As has been described above, both the direct transfer method and indirect transfer method have advantages and disadvantages in terms of the image quality and toner consumption efficiency.
Jpn. Pat. Appln. KOKAI Publication No. 03-214174 discloses a technique wherein in a color print mode, a toner image is indirectly transferred to a transfer medium via an intermediate transfer member, and in a monochromatic print mode, a toner image is directly transferred to a transfer medium. In this method, four color developing devices are arranged around a single photoconductor body, and the photoconductor body is rotated by the number of times, which corresponds to the number of colors, thereby forming a color image. In this method, there is a large difference in printing speed between a full-color image and a monochromatic image, and the customers' needs cannot be satisfied. At the time of full-color image formation, black toner, as well as chromatic toners, is subjected to an intermediate transfer process step. Consequently, the sharpness of a black image in a full-color image cannot be expected.
Jpn. Pat. Appln.
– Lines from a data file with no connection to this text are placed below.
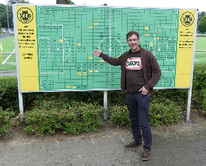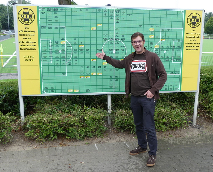 | Beeindruckend groß: Die Tafel zum Projekt Kunstrasenplatz II |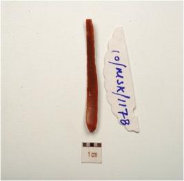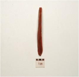 | Description / विवरण | Fragment of a chert blade with single ridge on dorsal, prominent bulb on ventral, use-wear marks on working edges and triangular cross-seciton. |
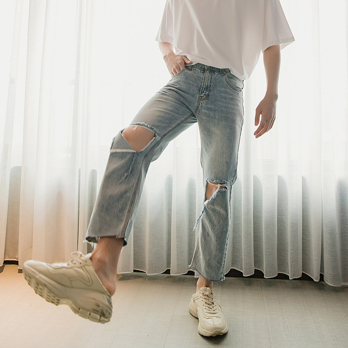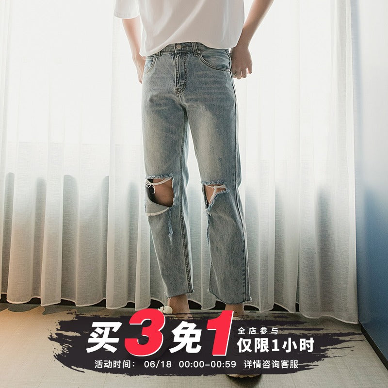CHIC ERRO CHIC ERRO Fall Loose Straight Casual Pants Men's Korean Style Trend Men's Blue Ripped Jeans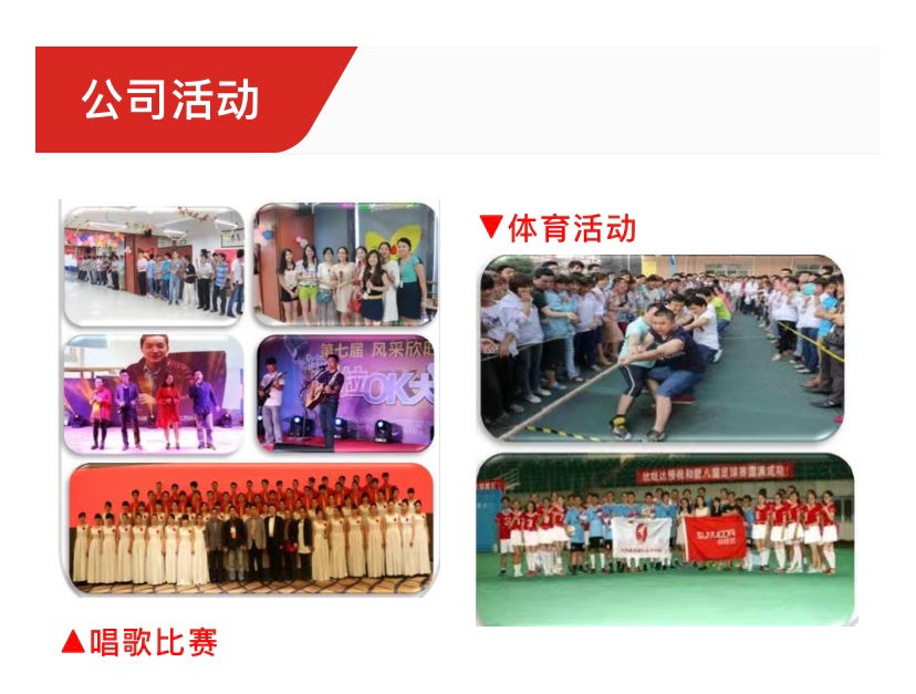 e. 公司不定期举行拔河比赛、游园活动、歌唱比赛,奖金丰厚,丰富员工业余生活;

KOKAI Publication No. 09-120190 discloses a color recording apparatus having a first mode, in which toner on a photoconductor body is directly transferred, and a second mode, in which the toner is intermediately transferred. In the second mode, the intermediate transfer belt rotates in a first direction for transfer from the photoconductor body, and in a direction opposite to the first direction, for transfer from the intermediate transfer belt to a transfer medium. However, to change the direction of rotation of the intermediate transfer member according to the modes requires a complex mechanism and is not desirable. In addition, reverse rotation in the intermediate transfer method makes it necessary to reverse image data, and this disadvantageously leads to a complex process. In this method, too, in the case of a full-color image, black toner is also transferred to a transfer medium via intermediate transfer. Consequently, the sharpness of a black image cannot be achieved.
Jpn. Pat. Appln. KOKAI Publication No. 2001-75331 discloses a technique wherein post-transfer residual toner on an intermediate transfer member is re-charged with an opposite polarity by a re-charging device, and transferred at a transfer position of a black image carrying body that is located at the most upstream part of the intermediate transfer member. In this invention, a black image forming unit is disposed at the most upstream part of the intermediate transfer member. On the downstream side of the black image forming unit, cyan, magenta and yellow image forming units are arranged. In the order of arrangement of image forming units, toners are overlapped on the intermediate transfer member and are transferred at a time on a final transfer medium in a secondary transfer section. In this case, in the image part on which a plurality of color toners overlap on the intermediate transfer member, a black toner that is far from the transfer medium is least easily transferred, and it is highly possible that residual toner occurs after transfer. Consequently, a black character on a color background, for instance, is not clearly transferred, and a line width may become inadequate due to low density. Moreover, the sharpness of an edge part would disadvantageously be lost.